S. Fischer Verlag, Frankfurt am Main 2006
ISBN 9783100108180
Gebunden, 336 Seiten, 21,90 EUR

Klappentext

Aus dem Englischen von Reinhild Böhnke. Weltweit berühmt als Autor bedeutender Romane ist J. M. Coetzee, Träger des Literaturnobelpreises 2003, als Essayist hierzulande noch zu entdecken. Aus seinem umfangreichen literaturkritischen Werk, das mittlerweile in vier Bänden vorliegt, hat der Autor unter dem Titel "Was ist ein Klassiker?" eigens für diesen Band Essays zur europäischen Literatur von der Renaissance bis zur Gegenwart ausgewählt, in denen immer wieder auch die Frage der Zensur, sei es einer inneren oder einer äußeren, im Mittelpunkt steht. Die Wahrheit des Individuums innerhalb der Geschichte ist das zentrale Motiv in Coetzees Werk, das seine essayistischen Arbeiten mit seinen literarischen verbindet.

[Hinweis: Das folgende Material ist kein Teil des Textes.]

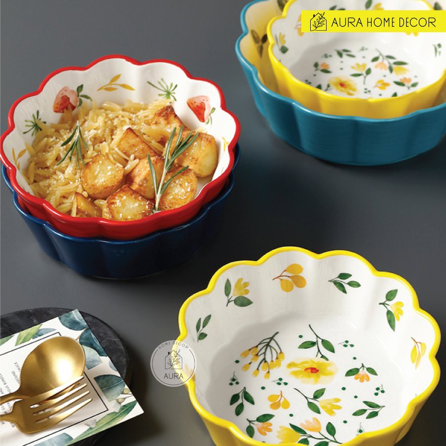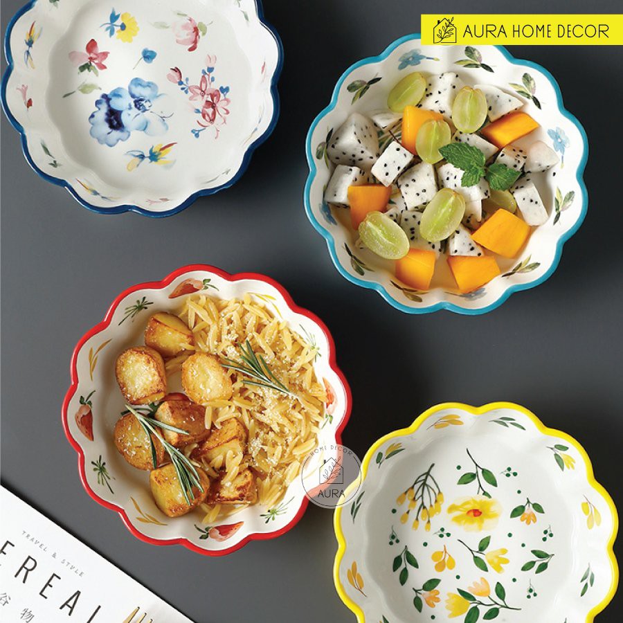 - Bát gốm sứ được thiết kế hình hoa với nhiều họa tiết vẽ trên bát siêu đẹp,nghệ thuật.Men bát dày mịn và bóng.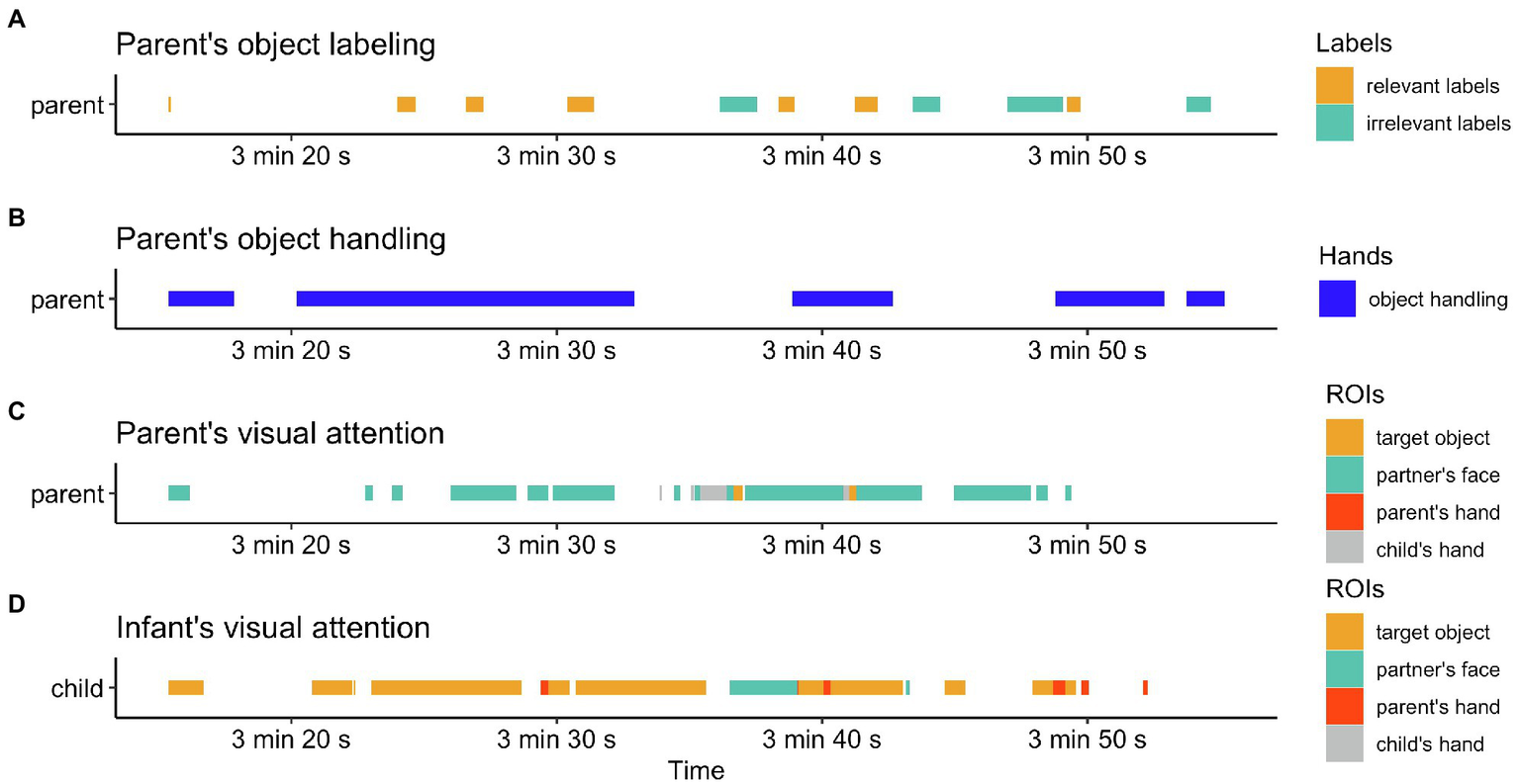 In addition to the parent’s attention patterns and phrases, object manipulation was also annotated from one’s egocentric views. The wall and ceiling views were also treated as supplementary references when the parent’s object handling was not easily interpreted or not captured by the head-mounted cameras. Each of the parental references was manually annotated separately and then time-stamped together in correspondence with the timeline of the play session (see Figure 1).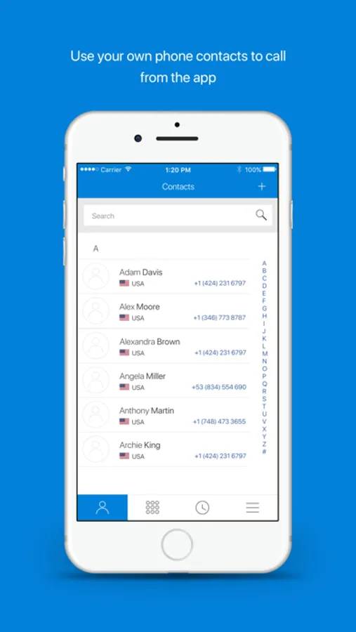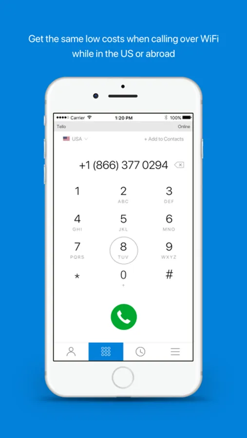 Use the app in the US while connected to the Tello network or over WiFi. When travelling in US or abroad, call over WiFi using the same balance. This way you can still carry your phone number anywhere in the world and enjoy the same low costs.

Rezensionsnotiz zu Frankfurter Allgemeine Zeitung, 06.06.2007

Pia Reinacher bejubelt die seltene Gabe des südafrikanischen Autors J. M. Coetzee, gleichermaßen dichterisch inspiriert und zum analytischen Denken befähigt zu sein. Das zeigt sich ihrer Ansicht auch in dem Sammelband mit Vorträgen, Zeitungsartikeln und Essays, die sich mit den verschiedensten Themen vor allem der europäischen Literatur befasst. Die Rezensentin macht als roten Faden, der die Texte eint, die Frage nach "Wahrhaftigkeit und Lüge" aus, der er zum Beispiel in seinem Aufsatz über "Ossip Mandelstam und die Stalin-Ode" oder in seinem Essay über die letzten Lebensjahre Robert Walsers nachgeht. Die beherzte Suche Coetzees nach der Wahrheit nimmt die Rezensentin sehr ein, und sie genießt so manche Erkenntnis des Autors als überaus anregend.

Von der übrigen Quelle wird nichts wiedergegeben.